The input and output have sizes of 0 because the network has not yet been configured to match the input and target data. This configuration happens when you train the network.
net = patternnet(5); view(net)
Now the network is ready to be trained. The samples are automatically divided into training, validation, and test sets. The training set is used to teach the network. Training continues as long as the network continues improving on the validation set. The test set provides an independent measure of network accuracy.
The Neural Network Training Tool shows the network being trained and the algorithms used to train it. It also displays the training state during training and the criteria which stopped training are highlighted in green.
The buttons at the bottom open useful plots which can be opened during and after training. Links next to the algorithm names and plot buttons open documentation on those subjects.
[net,tr] = train(net,x,t);
To see how the network's performance improved during training, either click the "Performance" button in the training tool, or use the
Performance is measured in terms of mean squared error, and shown on a logarithmic scale. It rapidly decreased as the network was trained.
Performance is shown for each of the training, validation, and test sets.
The trained neural network can now be tested with the testing samples we partitioned from the main dataset. The testing data was not used in training in any way and hence provides an "out-of-sample" dataset to test the network on. This gives an estimate of how well the network will perform when tested with data from the real world.
The network outputs are in the range 0-1. Threshold the outputs to obtain 1's and 0's indicating cancer or normal patients, respectively.
testX = x(:,tr.testInd); testT = t(:,tr.testInd); testY = net(testX); testClasses = testY > 0.5
testClasses = 2x32 logical array 0 1 1 0 1 1 1 1 1 1 1 1 1 1 1 1 1 1 0 0 0 0 1 0 0 0 0 0 0 0 0 0 1 0 0 1 0 0 0 0 0 0 0 0 0 0 0 0 0 0 1 1 1 1 0 1 1 1 1 1 1 1 1 1
One measure of how well the neural network has fit the data is the confusion plot.

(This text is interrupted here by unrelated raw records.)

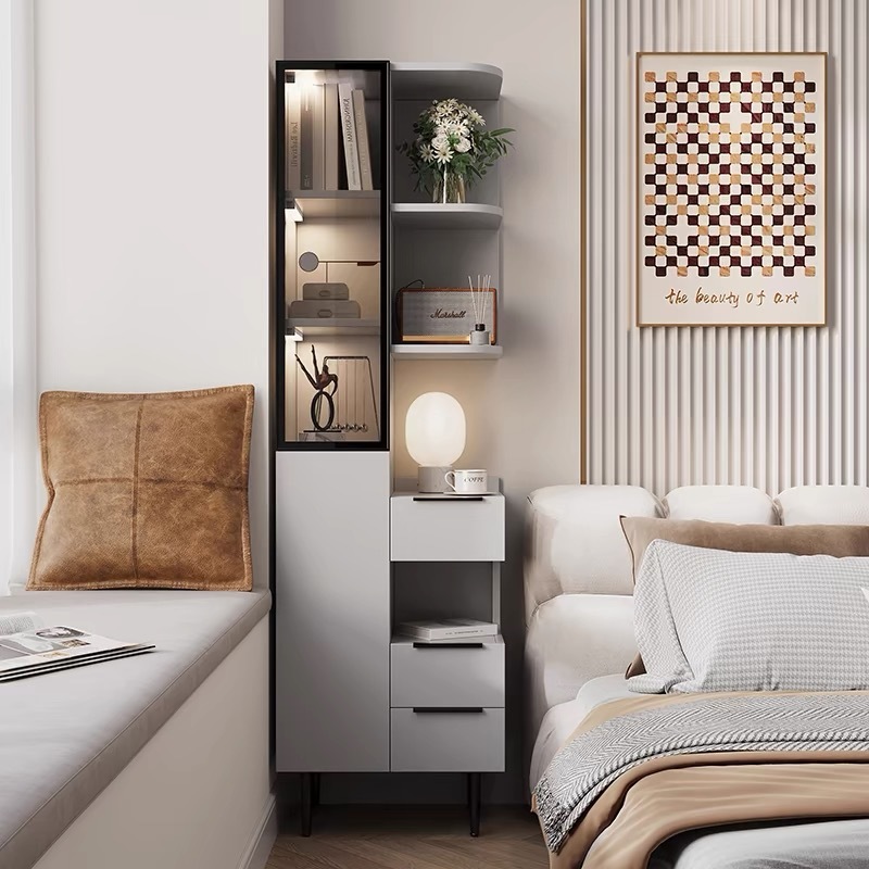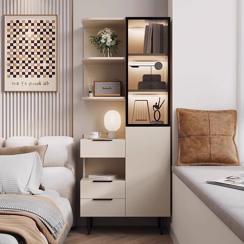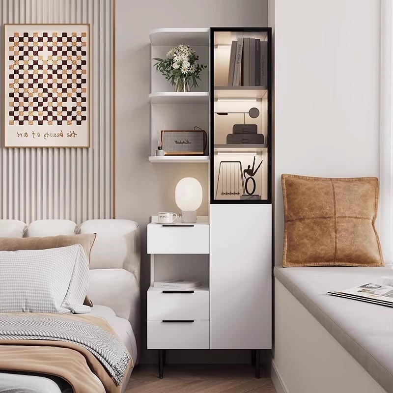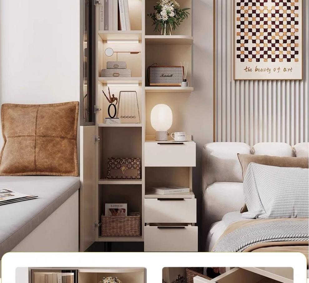 단단한 나무 침대 옆 테이블 옷장 보관 일체형 홈 침실 현대적인 미니멀리스트 작은 아파트 침대 옆스토어 가기
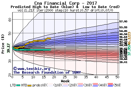 The high to date and low to date prices of the stock plotted against a random walk model for 2017 (what's this?).
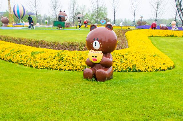 景区绿意盎然,不仅有鲜花、草坪、树林,还有又萌又可爱的卡通雕像,游客们纷纷合影留念。还可以到码头乘坐画舫游船,前往鸟岛及潘安水镇。鸟岛上主要是一些小动物,比如羊驼、鹦鹉等。潘安水镇,比较热闹。清一色的古建筑,高挂灯笼、青砖灰瓦、吊脚飞檐。街道上,还可以观赏民俗表演、品尝民间小吃等。

The confusion matrix shows the percentages of correct and incorrect classifications. Correct classifications are the green squares on the matrix diagonal. The red squares represent incorrect classifications.

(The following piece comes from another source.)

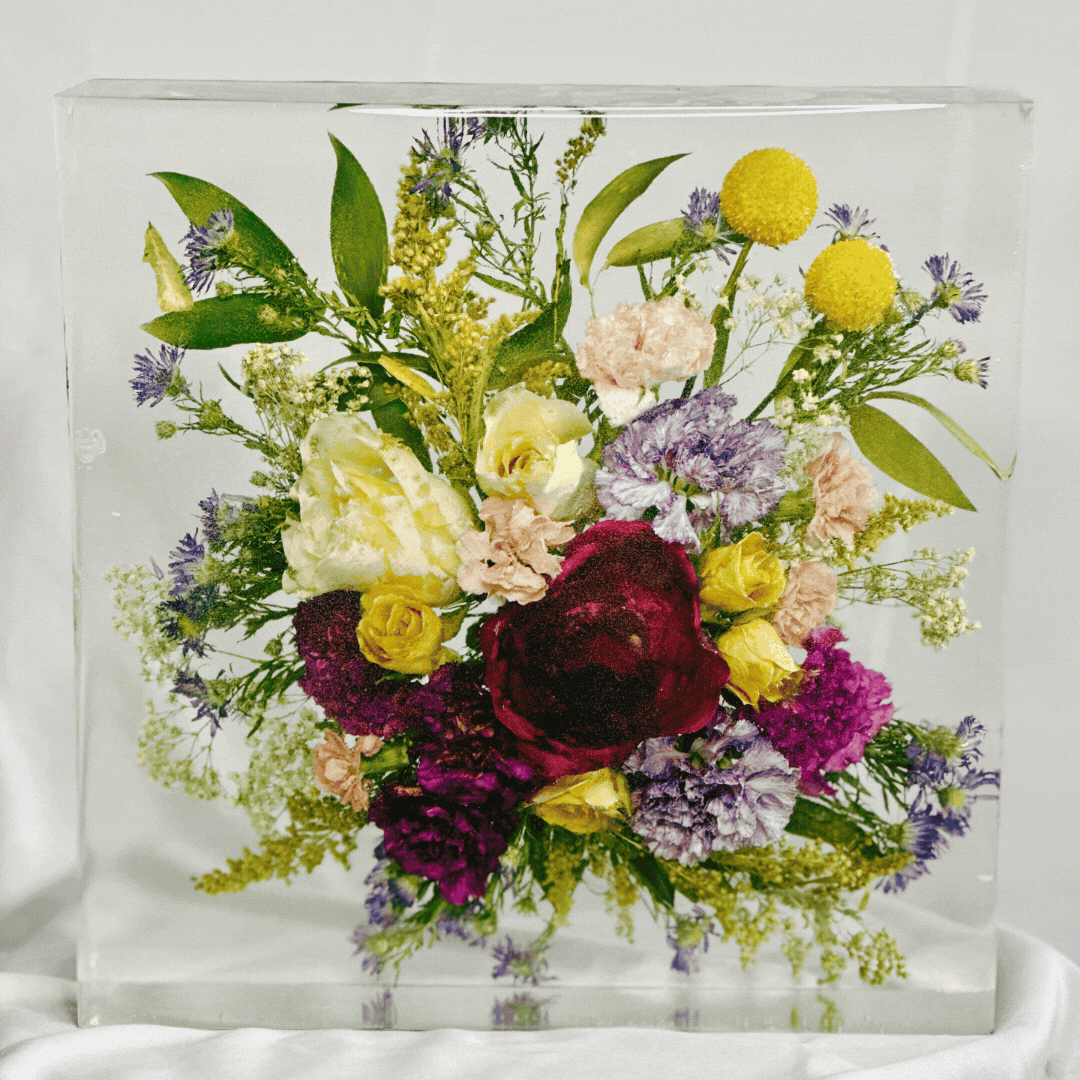 Preserve your most cherished flowers in a stunning square resin block—crafted to last a lifetime. Whether from a wedding, memorial, or another special occasion, each piece is custom-made to highlight your blooms in a sleek, timeless design. Hand-arranged and cast in crystal-clear, professional-grade resin, this modern keepsake turns your bouquet into a lasting work of art you can hold, display, and treasure for years to come.
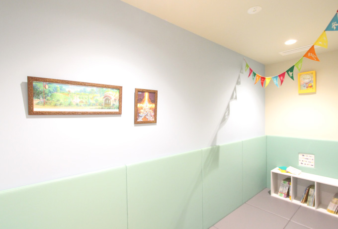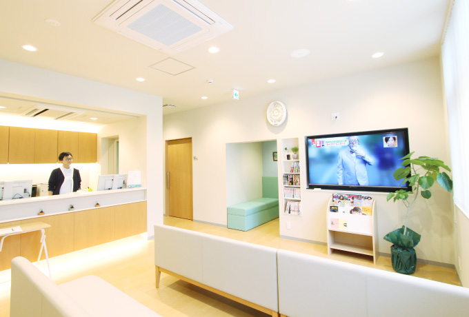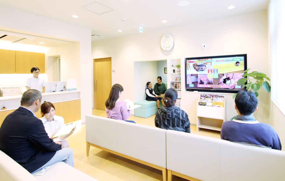 待合室は、観葉植物、熱帯魚がいる水槽を置き、リラックスできる環境をつくりました。キッズルームも用意しましたので、お子様連れの方でも気軽に来院していただけます。また、インターネット環境も整備しました。

If the network is accurate, then the percentages in the red squares are small, indicating few misclassifications.
If the network is not accurate, then you can try training for a longer time, or training a network with more hidden neurons.
Here are the overall percentages of correct and incorrect classification.

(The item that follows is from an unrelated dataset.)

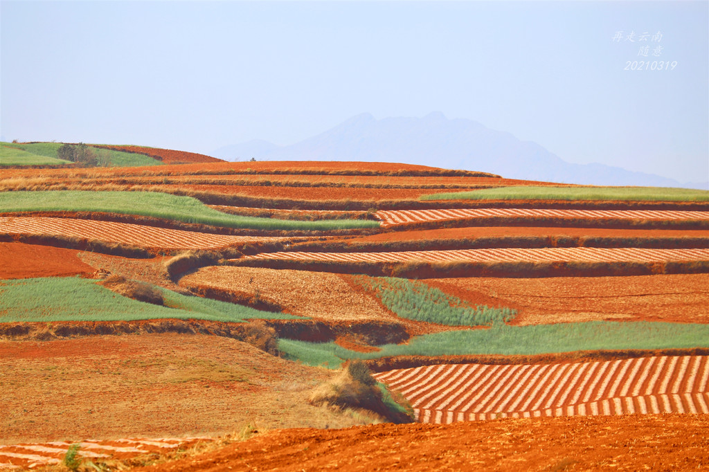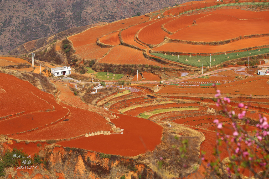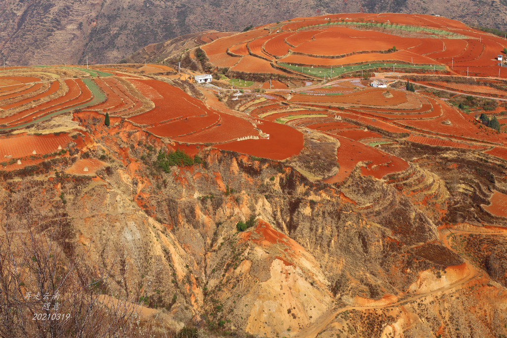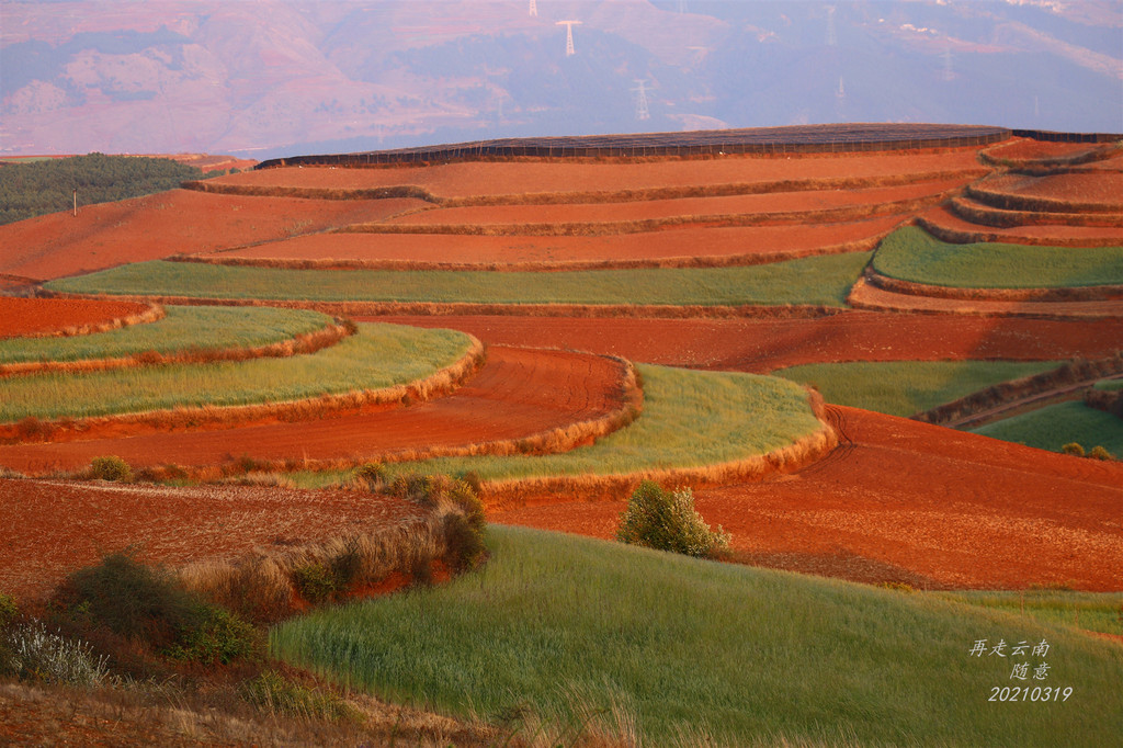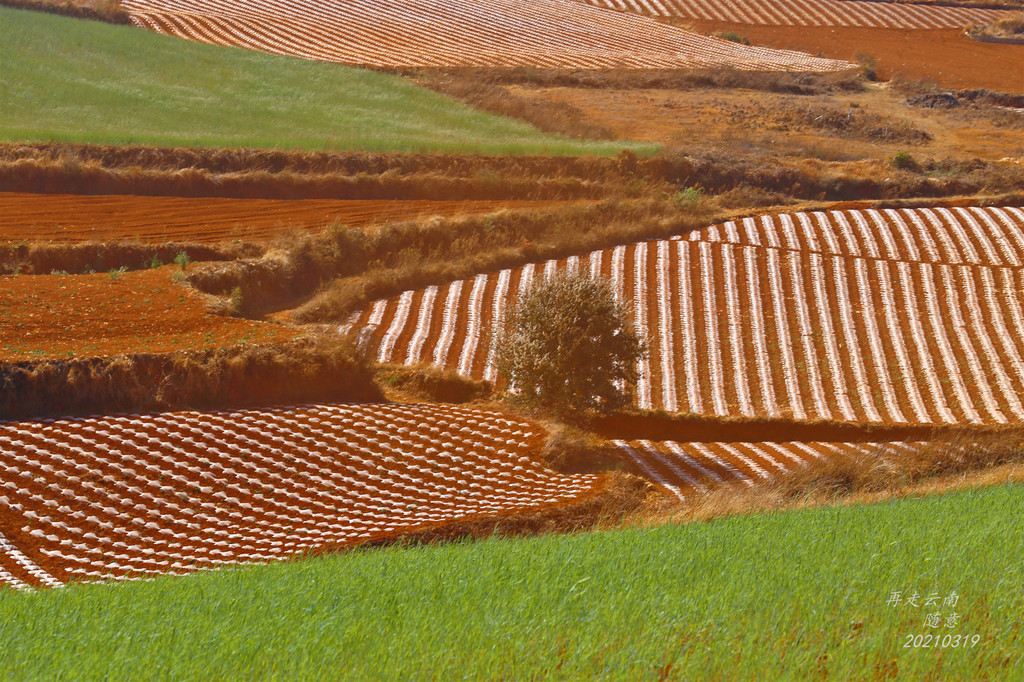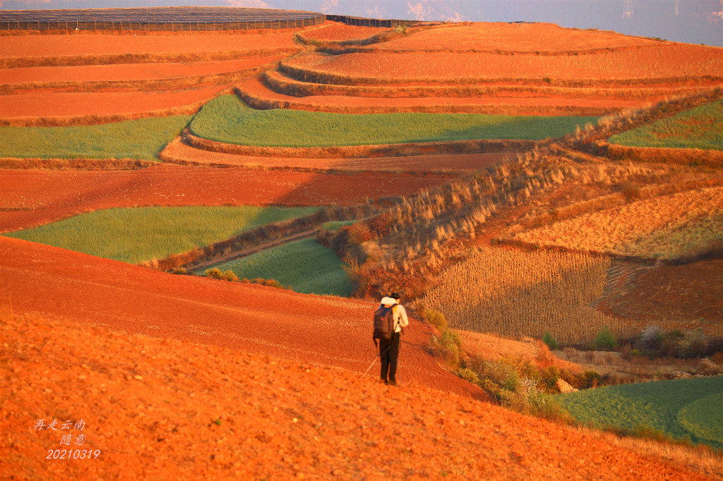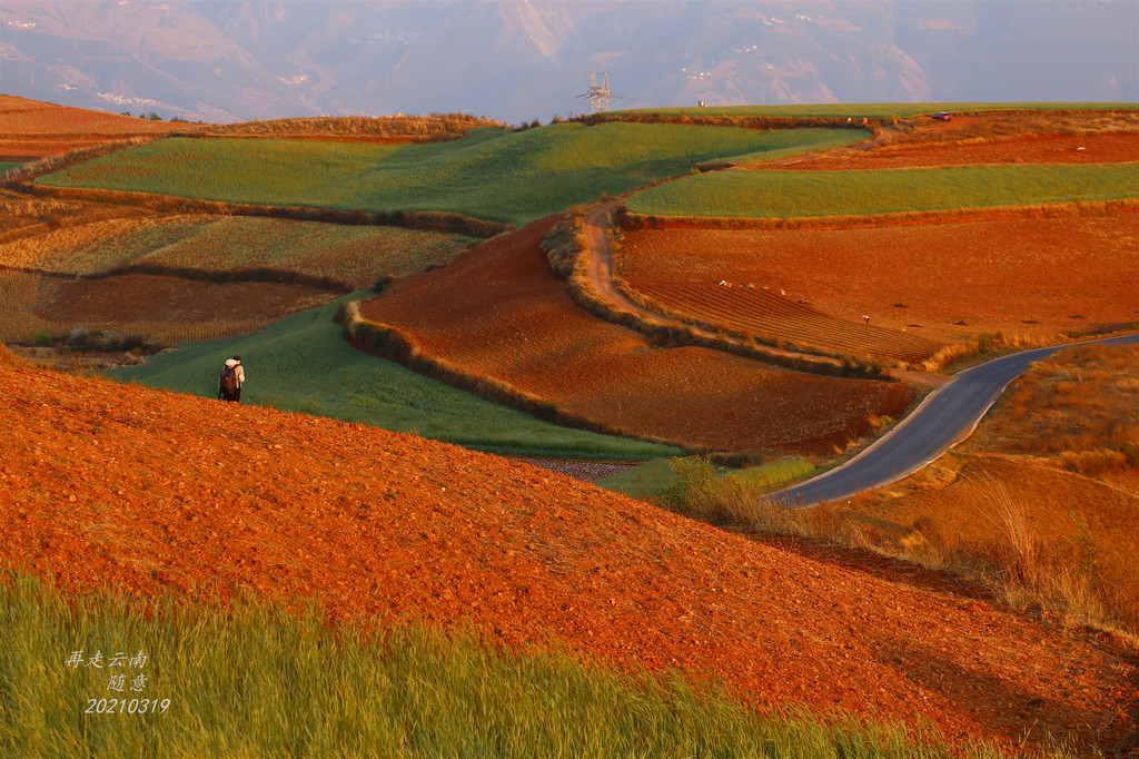落霞沟也叫陷塘地,是崇山环抱中突然下陷的一块洼地,有人说落霞沟是红土地最美的地方之一,不同的季节,落霞沟会呈现出不同的美景,晃如人间仙境。远远望去,红绿相间的色块和线条,如梦如幻,斑斓的色彩扑面而来,让人仿佛瞬间忘记了呼吸。

[c,cm] = confusion(testT,testY); fprintf('Percentage Correct Classification : %f%%\n', 100*(1-c));
Percentage Correct Classification : 90.625000%
fprintf('Percentage Incorrect Classification : %f%%\n', 100*c);
Percentage Incorrect Classification : 9.375000%
Another measure of how well the neural network has fit data is the receiver operating characteristic plot. This plot shows how the false positive and true positive rates relate as the thresholding of outputs is varied from 0 to 1.
The farther left and up the line is, the fewer false positives need to be accepted in order to get a high true positive rate. The best classifiers have a line going from the bottom left corner, to the top left corner, to the top right corner, or close to that.
Class 1 indicates cancer patients and class 2 indicates normal patients.
This example demonstrates how neural networks can be used as classifiers for cancer detection. To improve classifier performance, you can also try using techniques like principal component analysis for reducing the dimensionality of the data used for neural network training.
 T.P. Conrads, et al., "High-resolution serum proteomic features for ovarian detection", Endocrine-Related Cancer, 11, 2004, pp. 163-178.
 E.F. Petricoin, et al., "Use of proteomic patterns in serum to identify ovarian cancer", Lancet, 359(9306), 2002, pp. 572-577.